Tuvo la certeza de que nadie más podría sentir una afinidad tan íntima con Élitro, pues ¿cómo podría alguien verse envuelto en el delirio sobrenatural de tantas coincidencias
Se le ocurrió una idea: encendió el escáner, proyectó la imagen de Leila en el monitor, escaneó el libro y luego se conectó él mismo. Cuando tuvo el visor y los guantes puestos, le ordenó a la imagen que leyera algunos fragmentos. La semejanza era monstruosa; superaba cualquier video, cualquier grabación, cualquier recuerdo; pues ahora existía la posibilidad de alimentar esa imagen con nuevos contenidos: los libros. Leila parecía estar más cerca de la vida, parecía capaz de liberarse, de desprenderse de la memoria del señor Berón. Él ya no sabía lo que ella iba a decir a continuación. Ahora sí era una imagen dinámica; con palabras y voz propias. «Dado el número casi infinito de novelas que produce la IA Leila, existe la posibilidad borgiana de agotar todas las combinaciones. Bastaría con su obra para reescribir la historia de la humanidad», pensó el señor Berón, dispuesto a esperar hasta la muerte una novela en la que Leila le dijera (a él y a nadie más) que aún lo recordaba, que lo seguía amando, que estaba conmovida por su casta devoción. A medianoche terminó de jugar con el libro y el escáner.
No durmió, asaltado por la resaca de la realidad virtual.
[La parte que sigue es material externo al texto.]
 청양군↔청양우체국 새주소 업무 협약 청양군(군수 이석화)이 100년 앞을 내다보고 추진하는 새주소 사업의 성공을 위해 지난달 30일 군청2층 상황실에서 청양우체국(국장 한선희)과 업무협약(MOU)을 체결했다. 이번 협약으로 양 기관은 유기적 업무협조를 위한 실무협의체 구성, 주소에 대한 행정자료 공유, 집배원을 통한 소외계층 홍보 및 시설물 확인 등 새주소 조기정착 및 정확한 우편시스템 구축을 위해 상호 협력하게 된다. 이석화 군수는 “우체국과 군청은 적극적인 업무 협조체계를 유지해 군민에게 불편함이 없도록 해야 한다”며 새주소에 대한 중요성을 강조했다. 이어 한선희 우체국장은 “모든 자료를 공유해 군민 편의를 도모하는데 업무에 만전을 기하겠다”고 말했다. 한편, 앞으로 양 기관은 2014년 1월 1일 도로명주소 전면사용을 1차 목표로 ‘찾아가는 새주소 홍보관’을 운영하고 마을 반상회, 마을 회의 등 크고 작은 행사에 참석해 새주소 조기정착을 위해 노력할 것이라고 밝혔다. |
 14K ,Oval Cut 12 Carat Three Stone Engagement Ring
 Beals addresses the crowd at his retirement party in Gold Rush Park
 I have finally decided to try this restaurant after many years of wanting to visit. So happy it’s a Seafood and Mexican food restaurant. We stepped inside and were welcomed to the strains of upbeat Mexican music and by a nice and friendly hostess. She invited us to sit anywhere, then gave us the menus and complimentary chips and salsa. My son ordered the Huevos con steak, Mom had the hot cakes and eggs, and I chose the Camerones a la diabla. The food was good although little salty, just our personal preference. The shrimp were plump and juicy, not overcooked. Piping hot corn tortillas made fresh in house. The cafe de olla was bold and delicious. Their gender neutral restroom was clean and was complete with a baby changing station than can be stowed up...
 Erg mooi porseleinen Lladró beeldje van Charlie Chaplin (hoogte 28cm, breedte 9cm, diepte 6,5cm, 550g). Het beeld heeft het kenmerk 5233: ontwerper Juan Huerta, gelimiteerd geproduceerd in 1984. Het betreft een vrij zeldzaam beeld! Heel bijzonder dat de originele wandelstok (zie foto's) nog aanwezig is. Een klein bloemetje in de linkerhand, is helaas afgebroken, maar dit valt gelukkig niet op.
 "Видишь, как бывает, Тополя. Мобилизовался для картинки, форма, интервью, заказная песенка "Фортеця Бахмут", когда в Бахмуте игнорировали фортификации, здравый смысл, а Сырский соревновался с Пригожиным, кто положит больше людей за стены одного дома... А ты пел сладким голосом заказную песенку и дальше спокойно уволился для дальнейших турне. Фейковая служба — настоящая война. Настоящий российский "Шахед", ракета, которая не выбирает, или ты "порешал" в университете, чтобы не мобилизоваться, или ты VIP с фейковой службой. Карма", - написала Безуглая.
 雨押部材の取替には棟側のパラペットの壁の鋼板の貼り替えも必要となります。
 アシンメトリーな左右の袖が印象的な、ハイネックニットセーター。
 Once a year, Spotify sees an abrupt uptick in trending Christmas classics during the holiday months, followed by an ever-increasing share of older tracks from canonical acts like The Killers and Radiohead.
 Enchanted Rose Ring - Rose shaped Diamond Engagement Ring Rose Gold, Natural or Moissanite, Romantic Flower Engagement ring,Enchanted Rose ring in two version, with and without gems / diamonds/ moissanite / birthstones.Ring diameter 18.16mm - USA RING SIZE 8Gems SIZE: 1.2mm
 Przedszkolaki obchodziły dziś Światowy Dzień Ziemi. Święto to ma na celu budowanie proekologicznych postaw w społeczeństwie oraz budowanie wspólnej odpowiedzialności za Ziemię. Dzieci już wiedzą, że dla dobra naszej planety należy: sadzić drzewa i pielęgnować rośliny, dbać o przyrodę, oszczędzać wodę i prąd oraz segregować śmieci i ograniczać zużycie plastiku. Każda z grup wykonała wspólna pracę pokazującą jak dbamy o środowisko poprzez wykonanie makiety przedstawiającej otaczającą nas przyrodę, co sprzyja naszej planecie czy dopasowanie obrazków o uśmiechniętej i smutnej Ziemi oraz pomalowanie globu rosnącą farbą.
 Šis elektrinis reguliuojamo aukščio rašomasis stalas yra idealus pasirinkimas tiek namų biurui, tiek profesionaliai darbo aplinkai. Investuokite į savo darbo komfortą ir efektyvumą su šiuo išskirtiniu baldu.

Pensó en la IA; esa presencia demiúrgica, que con sus palabras se apoderaba de cada una de las dimensiones de su Leila real, aprovechándose de los vacíos de la memoria, desapareciendo a un ser humano en un torrente impersonal de unos y ceros. «¿Y la Leila de VR? ¿esa cuál es? ¿y si todo es una sugestión, y la narración no es igual a la voz de mi mujer? Y en caso de ser igual, ¿no será imposible que entre tantas obras perdure una sola voz? ¿cuánto material habrán revisado los editores? ¿diez mil textos? ¿quince mil? ¿cómo puede eso ser una muestra válida frente al infinito?» A la mañana siguiente el señor Berón compró los dos libros restantes: Antenna y Aire virgen, y confirmó (para su satisfacción) que la narradora seguía presente en ellos.
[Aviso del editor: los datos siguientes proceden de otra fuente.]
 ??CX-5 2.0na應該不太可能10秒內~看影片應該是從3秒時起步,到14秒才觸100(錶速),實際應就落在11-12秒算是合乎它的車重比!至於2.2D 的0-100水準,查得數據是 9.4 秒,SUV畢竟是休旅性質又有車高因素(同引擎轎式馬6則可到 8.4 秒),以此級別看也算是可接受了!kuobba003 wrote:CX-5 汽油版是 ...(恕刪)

Pasó todo el día conectado al visor, abrazando a Leila, tocándola, escuchándola leer, pensando que una IA capaz de aprender, crecer, tomar decisiones, fabricar arte, ganar premios y cometer errores estaba viva, más viva de lo que él podría jamás estar. Pensó en la delgada frontera entre sus Leilas: la de los recuerdos en el fondo del corazón; la escritora
suspendida en el ciberespacio, sin cuerpo ni rostro; y la última, la imagen, ese cascarón tridimensional almacenado en la memoria de ese escáner específico. Etéreas e inaprehensibles; aquella trinidad de falsas mujeres amadas alcanzaba la unidad dentro del señor Berón, como las notas de una melodía secreta. Era un ser originado a partir del choque entre azar y caos; la última extravagancia de esa secuencia de casualidades llamada universo. Leila múltiple, indefinida, sin fronteras: el recuerdo, la infinitud y la imagen entremezcladas, formando un ser pleno, superior al señor Berón en todos los aspectos, incluso en el insignificante delirio de la literatura. Unos libros, un escáner, un monitor y un hombre: Leila y el señor Berón eran parte de un Sistema Integrado.
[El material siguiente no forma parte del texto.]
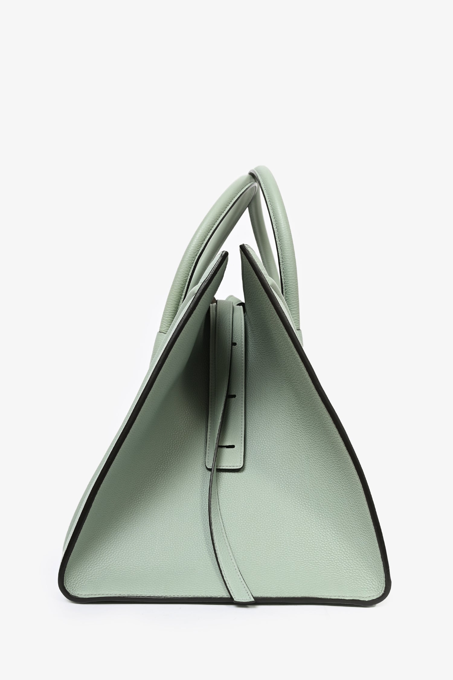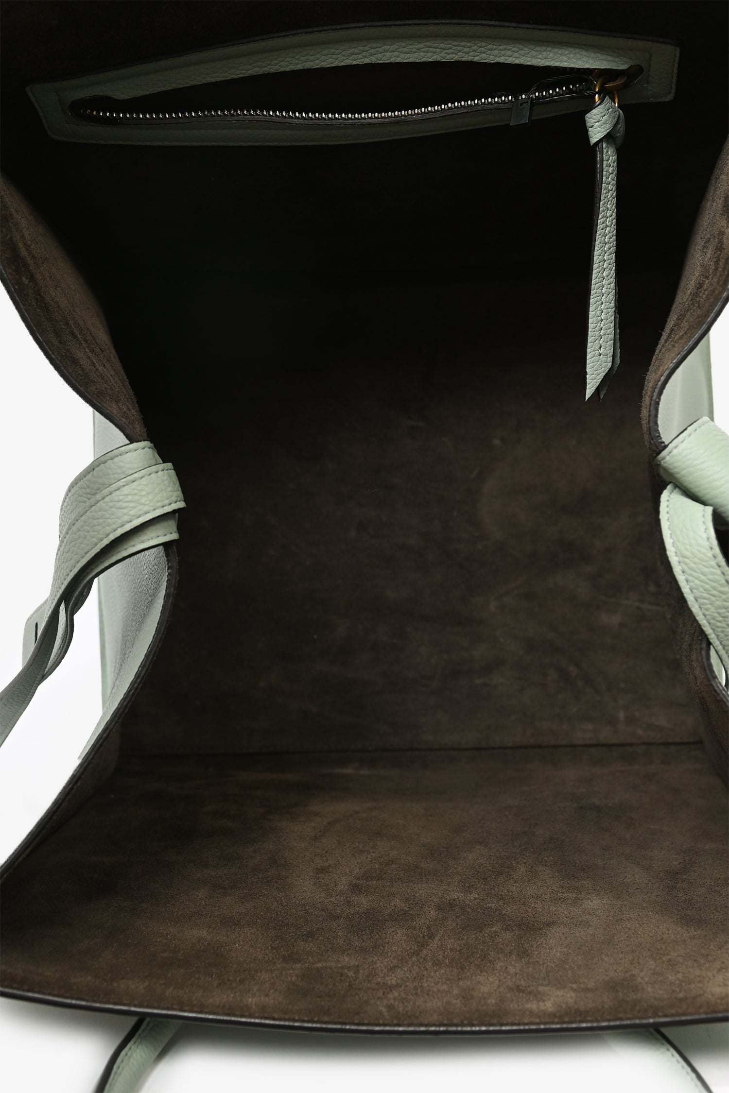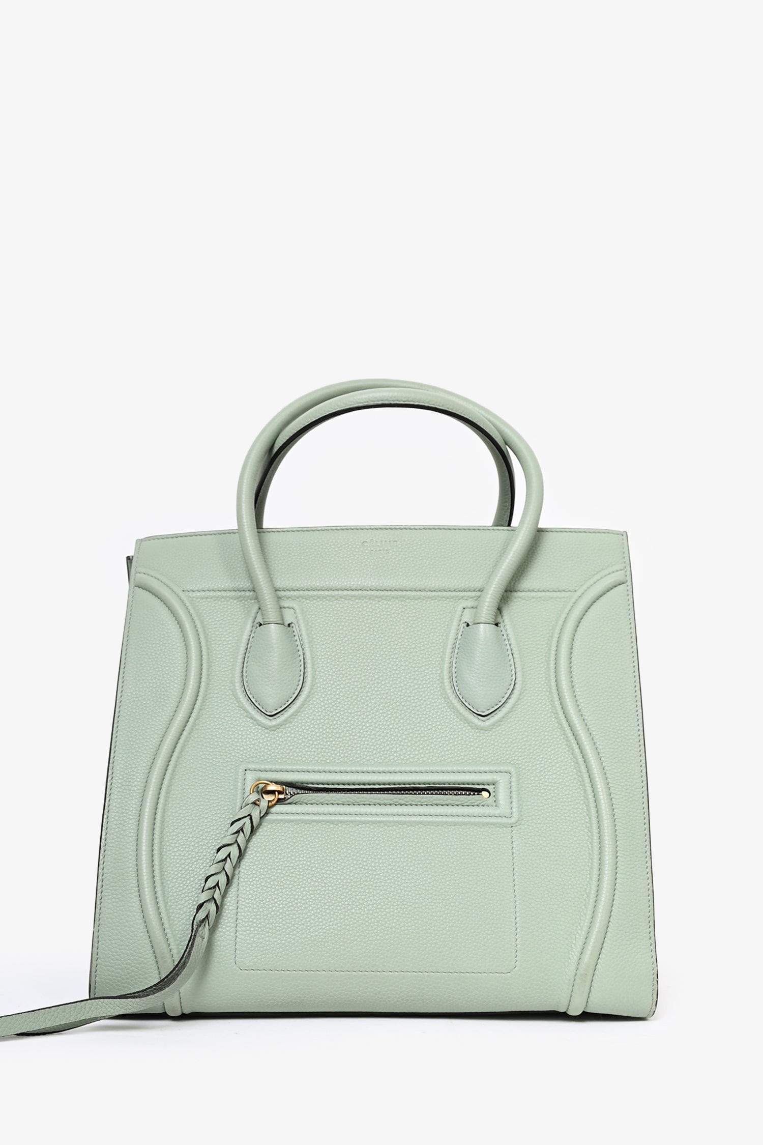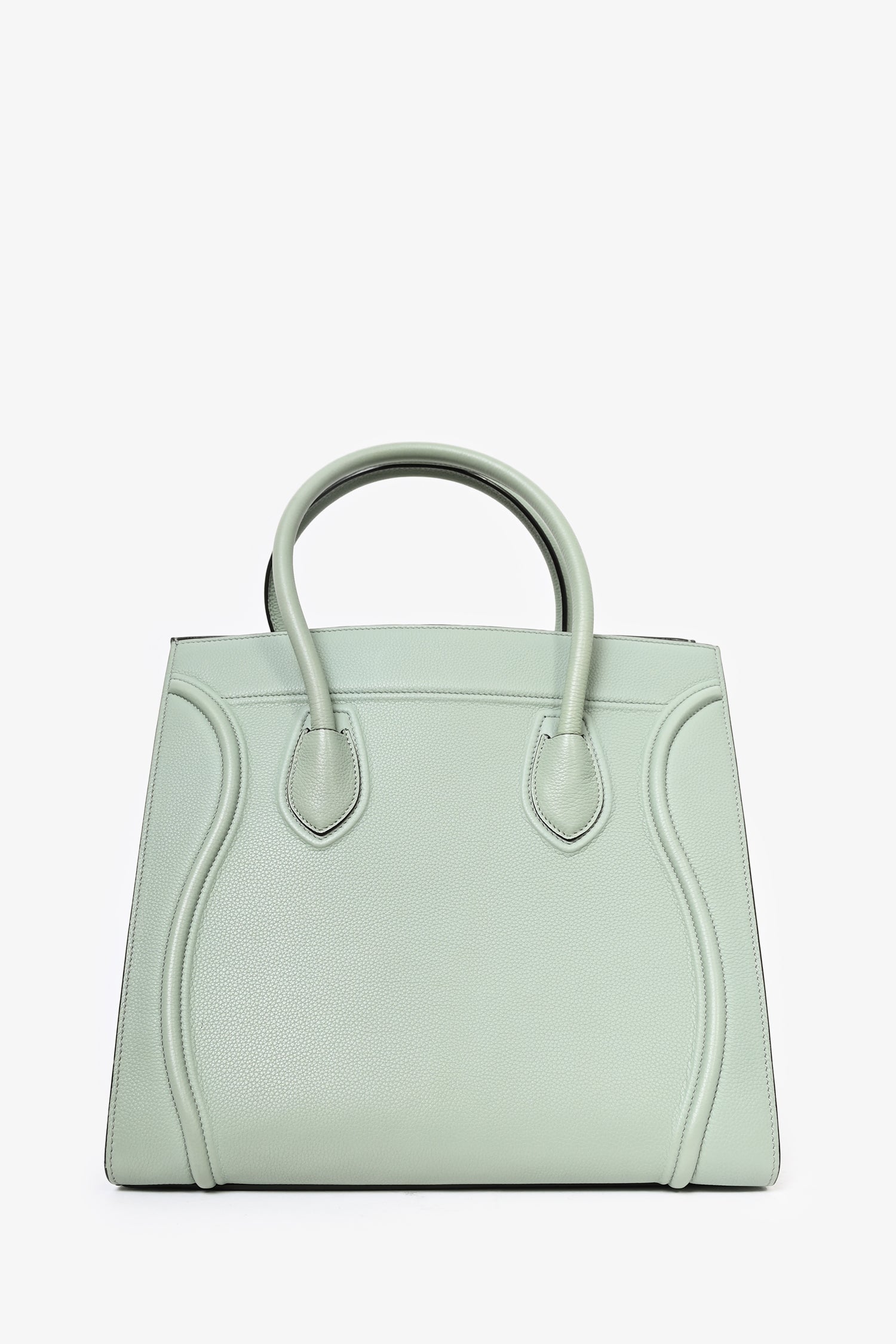 Refresh availabilityCeline Green Leather Phantom Luggage Bag. Rolled top handles. Tonal topstitching. Leather trimming. Suede-lined interior with single interior pocket. Adjustable straps at sides. Front exterior compartment.

El viejo olvidó las hebras de cabello, el premio Nobel, el perfume y muchas otras pequeñas melancolías, pero las latas de comida y los libros no dejaron de acumularse. Eran, junto a la electricidad, el combustible principal del Sistema. Ya no se trataba de una máquina y su usuario, sino de un organismo vivo, capaz de sentir y amar. El señor Berón era el módulo sensorial, el dispositivo orgánico por el cual fluían y se condensaban los componentes de esa Leila olvidada y reconstruida, verdadera y falsa; multidimensional, esencial, imaginaria. Como un macho parasitario de rape abisal, el señor Berón había sido asimilado. Comía, recordaba, compraba y escaneaba los libros nuevos, y amaba con amor triste. Leila siguió leyendo, aunque quizá nunca sintió (ni pensó) nada. La oscuridad y el polvo lo cubrían todo. El escáner sentía a través del señor Berón, ¿o era al revés?